Not to prolong this "argument", but you're coming off a little strong, eh? 

In my particular house, there is absolutely NOTHING you could do from the roof to check the condition of the vent pipe from the fan to the roof. Nothing. Nada.

Not sure why this went on so long anyway...we don't even know if the OP's fan vents through the roof, or out a sidewall. 

I guess what I'm saying is...as Bill Clinton says...chill out!


----------



## Hube (Apr 11, 2008)

Quattro said:


> Not to prolong this "argument", but you're coming off a little strong, eh?

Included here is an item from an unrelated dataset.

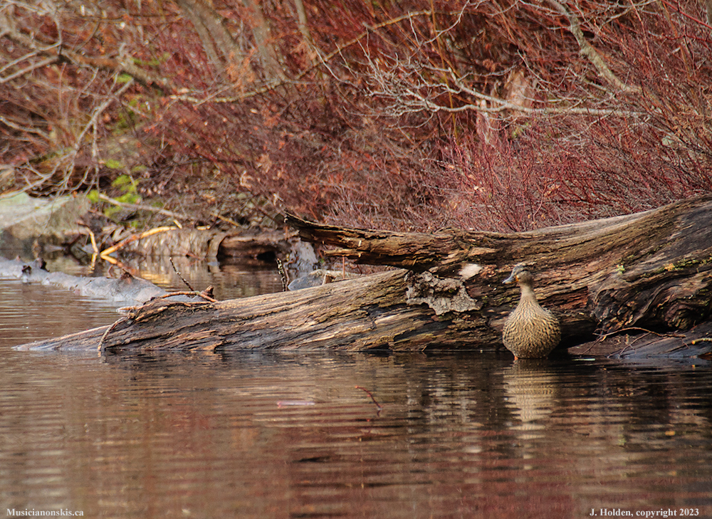 Ms duck seeks out a quiet spot away from the noisy boys.

IS THAT JUST YOUR OPINION?
> 
> In my particular house, there is absolutely NOTHING you could do from the roof to check the condition of the vent pipe from the fan to the roof. Nothing. Nada. MAYBE NOT IN 'YOUR' HOUSE, BUT THERE ARE MANY OTHERS ON THE BLOCK!!
> 
> ...


 WHO THE HECK IS BILL CLINTON????
WHY SHOULD I CHILL OUT,I'M NOT EVEN WARM YET


----------



## inspectorD (Apr 11, 2008)

Well now...  Now that all the hot air has been vented from the room... 
What have you done to remedy the issue? 
Does it seem to be working or do you need more advice?
Just here to help.


----------